В этот именно момент он, в первый раз за последние три дня, уверенно сказал о том, что с ним случилось: «Ничего», и в первый раз за всю свою жизнь глубоко понял всеисцеляющую силу этого слова.

Но в слове было тут дело, а в возможности сказать его, это русское «ничего», равносильного которому не имеет ни один язык.

   — Ничего? спросила она со слезами в глазах.

   — Ничего! — повторил он ещё увереннее и тут же добавил: А как же вы, как же вы здесь?

   — Н ведь вам писала, — разве не получили?

   — Нет, ничего... Когда писали?

   — Дней пять назад, отсюда.

   — Не успел получить... Не мог успеть... Я уж трое суток почти, как контужен, и меня все возят... А ваши косы где?

   — Разве можно тут с косами! — проговорила она, переводя пытливый взгляд на его ногу, и он вспомнил бритоголового полковника Ковалевского и его слова: «На фронте чем меньше волос, тем лучше».

Подошли санитары с носилками. Больших усилий воли стоило ему не только не стонать, даже не морщиться от боли, когда его укладывали на носилки. Он смотрел в это время в заботливые глаза Натальи Сергеевны и пытался улыбаться ей хотя бы глазами, так как крепко стискивал при этом губы.

Когда его устроила она в палате на койке около окна и привела к нему Забродина, то вся замерла, ожидая, не скажет ли он, только взглянув на багровую страшно распухшую ногу Ливенцева, своё страшное: «Угу!»

Но Забродин, сопя, разглядывал не столько ногу, сколько всего вообще Ливенцева, и вдруг придавил ногу возле колена и спросил:

   — Здесь?

Ливенцев понял это как: «Больно ли здесь?» и ответил:

   — Больно.

   — Здесь? — спросил Забродин, придавив двумя пальцами у щиколотки.

   — Больно, — повысив голос, сказал Ливенцев.

   — Здесь? — сжал он всей рукой икру ноги.

   — Больно! — вскрикнул Ливенцев.

Забродин качнул бородой сверху вниз, потом снизу вверх так, что из неё выпала порядочная хлебная крошка, и сказал отчётливо:

   — Полно! — потом тут же отошёл к тому тяжело раненному, который был привезён вместе с Ливенцевым, оставив Наталью Сергеевну в недоумении.

   — Чего полно? — почти безголосо спросила его она.

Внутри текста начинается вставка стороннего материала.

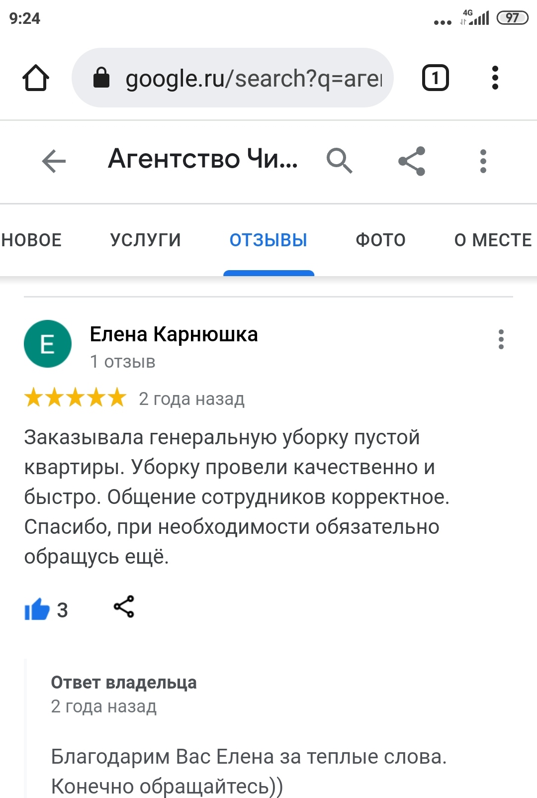 Заказывала генеральную уборку пустой квартиры. Уборку провели качественно и быстро. Общение сотрудников корректное. Спасибо, при необходимости обязательно обращусь ещё.
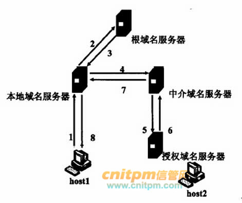 主机host1对host2进行域名查询的过程如下图所示,下列说法中正确的是()。
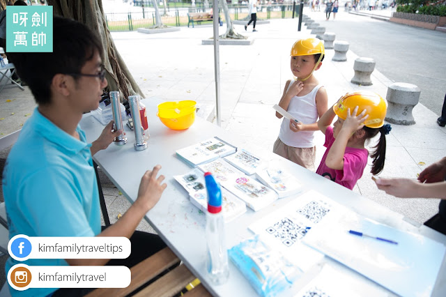 小朋友要戴住安全帽同埋手電筒, 入去黑媽媽既礦洞裡面去搵QR code, 再用電話解密將相片Screen Capture落嚟!
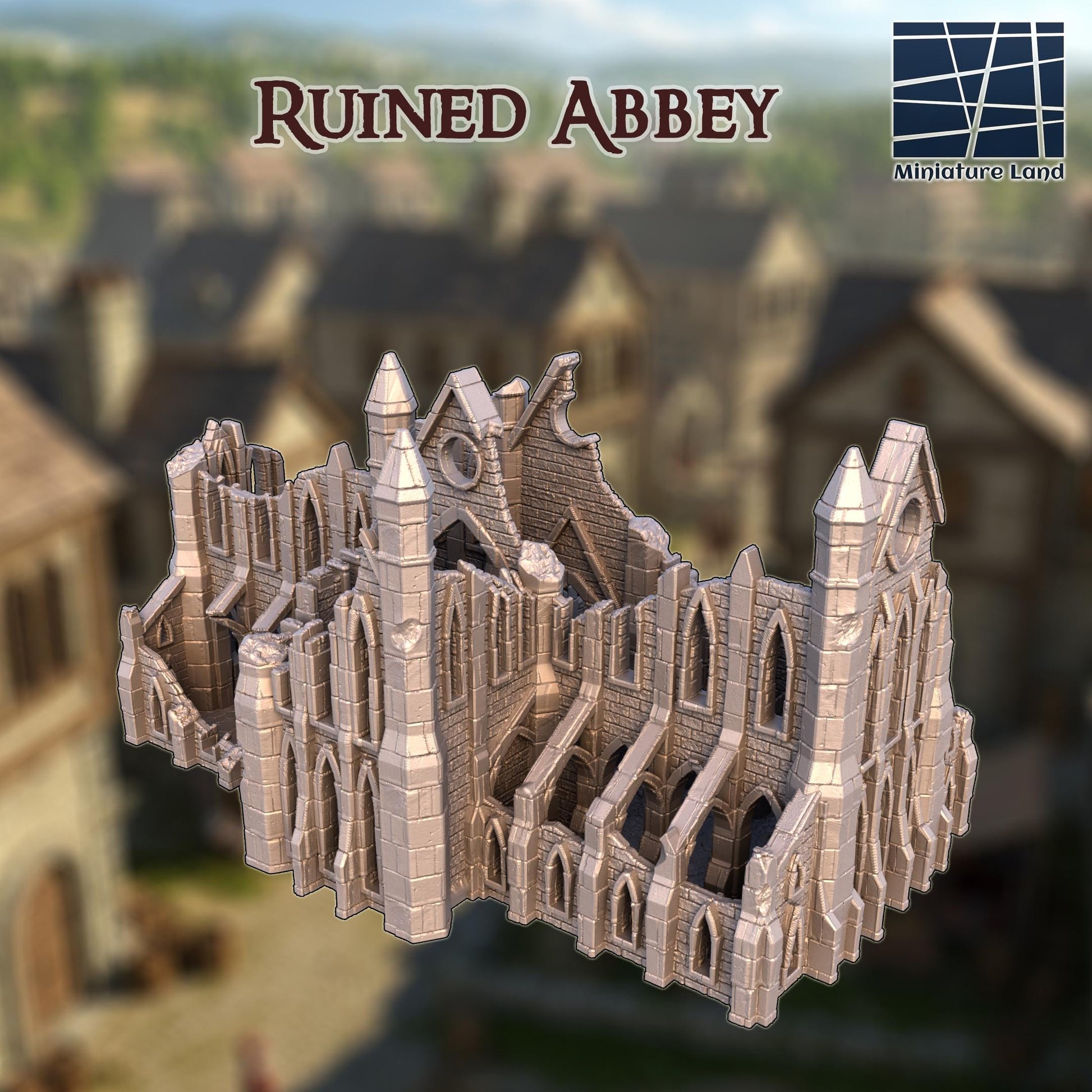 Ruined Abbey - Tabletop Terrain - 28 MM, Tabletop 3D Printed Terrain by MiniatureLand, Perfect for Wargaming and RPGs

   — Чего, чего, — точно передразнивая её, бормотнул он и начал оглядывать с головы до ног раненого, жестом запретив разбинтовывать его рану.

* * *

Любовь и смерть — они спокон веку рядом.

Каждый день умирали в лазарете тяжело раненные, и каждый день приходил сюда священник отпевать умерших, которых отвозили потом на линейке на кладбище. Жизнь очень туго и тесно сжалась тут на маленьком клочке пространства, называемом лазаретом за номером таким-то. Очень ясной и чёткой была грубая кромка её, за которой пустота, ничто, вечность.

Одни умирали, другие боролись со смертью, не теряя надежды её победить, третьи не желали допускать и мысли о своей смерти, но не имели возможности забыть о ней здесь, как и на фронте, — ведь она никуда не ухолила из лазарета; четвёртые, — это были врачи, фельдшера, сёстры, — пристально наблюдали, как действует смерть, и всеми средствами, которые были в их распоряжении, пытались помочь тем, кто имел ещё достаточно сил, чтобы с нею вести борьбу, как бы продолжая свою борьбу на фронте.

Да, война, по существу, не прекращалась тут, за степами лазарета. Она жила в мозгу всех раненых, о ней рассказывали друг другу, о ней говорили врачам и сёстрам, ею бредили, когда были в жару, и стоны здесь были такие же, как и на поле боя.

Врачи привыкали, конечно, к различным видам ранений и к смерти раненых, бывших для них совершенно посторонними людьми, однако и им приходилось задумываться над тем, почему изувеченные войною не проклинают её, а ведут себя так, как будто заплатили они, хотя и дорогою ценой, за то, что, по их мнению, самое ценное из всех подарков жизни.

Даже врачи, которые все здесь были штатскими людьми до войны и относились к ней как к самому отвратительному пережитку людскому, замечали, что совсем иначе относятся к войне вот все эти порезанные, изорванные, размозжённые.